You are speaking of LLMs.
Yes - I mean only to say "AI" as the term is commonly used today.
Humans can autocomplete sentences too because we understand what's going on. Prediction is a necessary criterion for intelligence, not an irrelevant one.
I haven't checked in a while, but last I checked ChatGPT it struggled on very basic things like: how many Fs are in this word? Not sure if they've managed to fix that but since that I had lost hope in getting it to do any sort of math
I understand the appeal of having a machine helping us with maths and expanding the frontier of knowledge. They can assist researchers and make them more productive. Just like they can make already programmers more productive.

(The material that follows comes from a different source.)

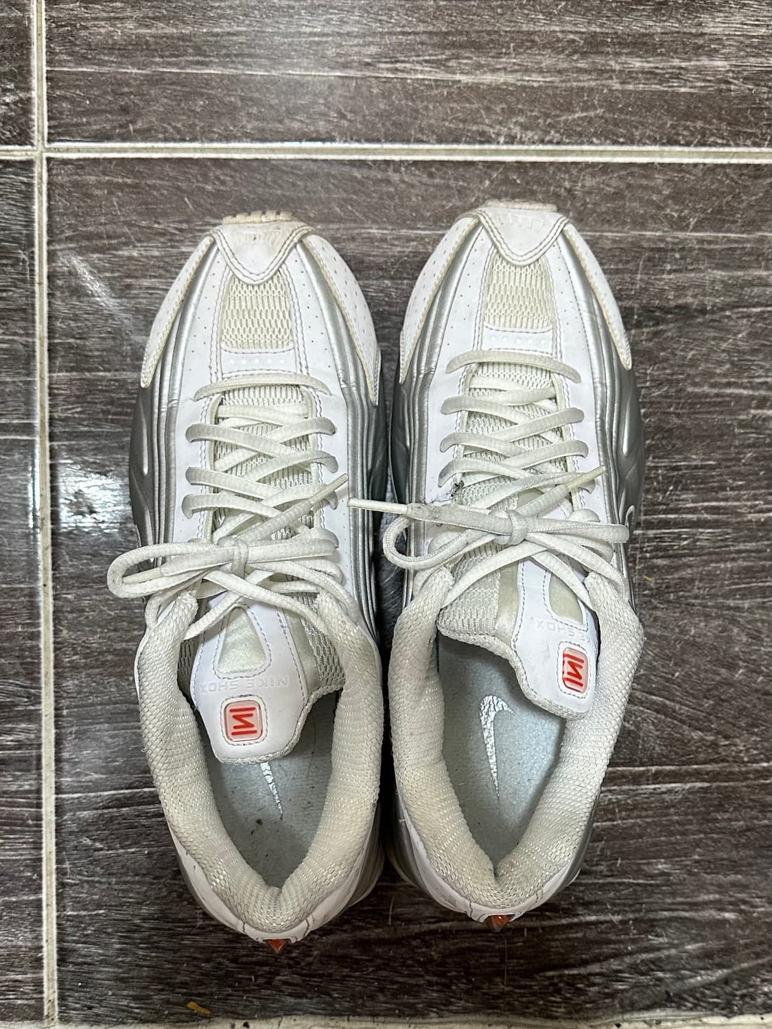 나이키 샥스 R4 화이트 메탈릭 실버 제품입니다 사이즈는 275W인데 제가 270신는데 딱 맞습니다

But maths are also fun and fulfilling activity. Very often, when we learn a math theory, it's because we want to understand and gain intuition on the concepts, or we want to solve a puzzle (for which we can already look up the solution). Maybe it's similar to chess. We didn't develop search engines to replace human players and make them play together, but they helped us become better chess players or understanding the game better.

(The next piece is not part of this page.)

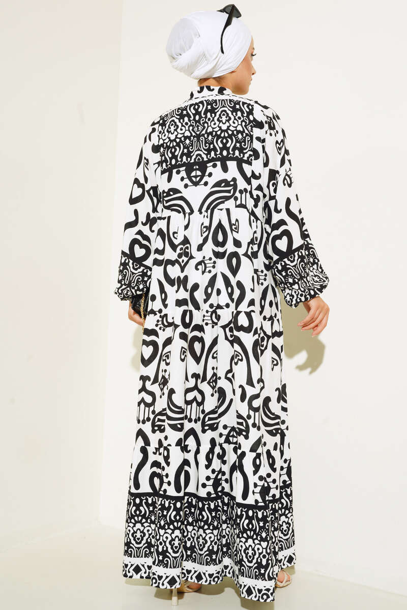 Kalp Desenli Elbise Beyaz

So the recent progress is impressive, but I still don't see how we'll use this tech practically and what impacts it can have and in which fields.

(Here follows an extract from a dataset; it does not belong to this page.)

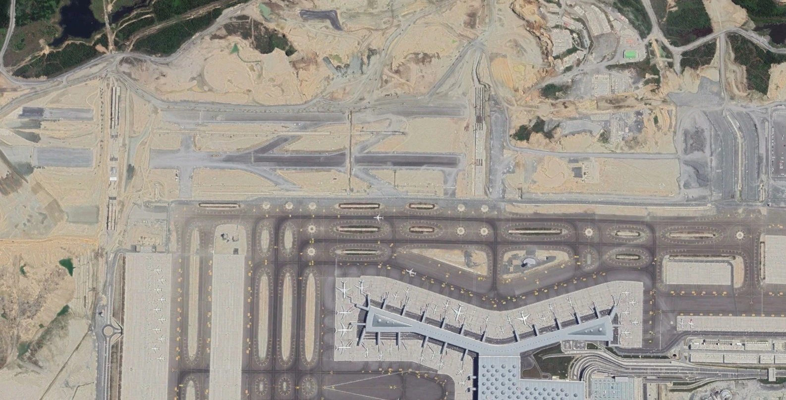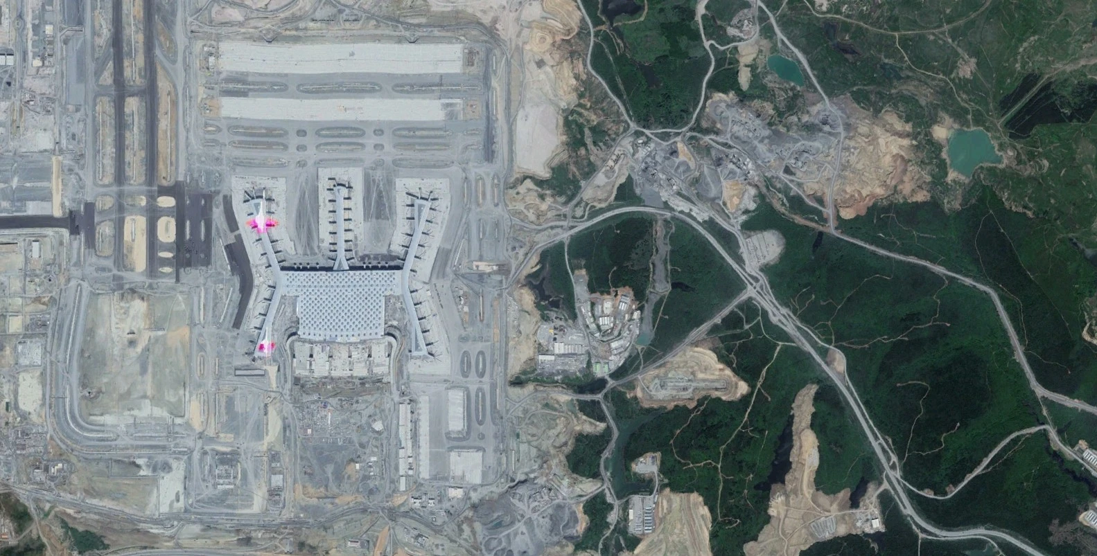 Kaydedilen uydu görüntülerinde pistin üzerinde yüzlerce kamyonun çalıştığı gözüküyor. 76.5 milyon metrekarelik alan üzerinde inşaat çalışmaları yıllar içindeki değişimi uydu çekilen fotoğrafları ile gözler önüne serildi. Fotoğraflarda inşaatın başladığı günden bu güne gelinen aşamalar net bir şekilde görülüyor.

I wish scientists who do psychology and cognition of actual brains could approach those AI things and talk about it, and maybe make suggestions.
I really really wish AI would make some breakthrough and be really useful, but I am so skeptical and negative about it.
Unfortunately, the scientists who study actually brains have all sort of interesting models but ultimately very little clue how these actual brains work at the level of problem solving. I mean, there's all sort of "this area is associated with that kind of process" and "here's evidence this area does this algorithm" stuff but it's all at the level you imagine steam engine engineers trying to understand a warp drive.
The "open worm project" was an effort years ago to get computer scientists involved in trying to understand what "software" a very small actual brain could run. I believe progress here has been very slow and that an idea of ignorance that much larger brains involve.
If you can't find useful things for LLMs or AI at this point, you must just lack imagination.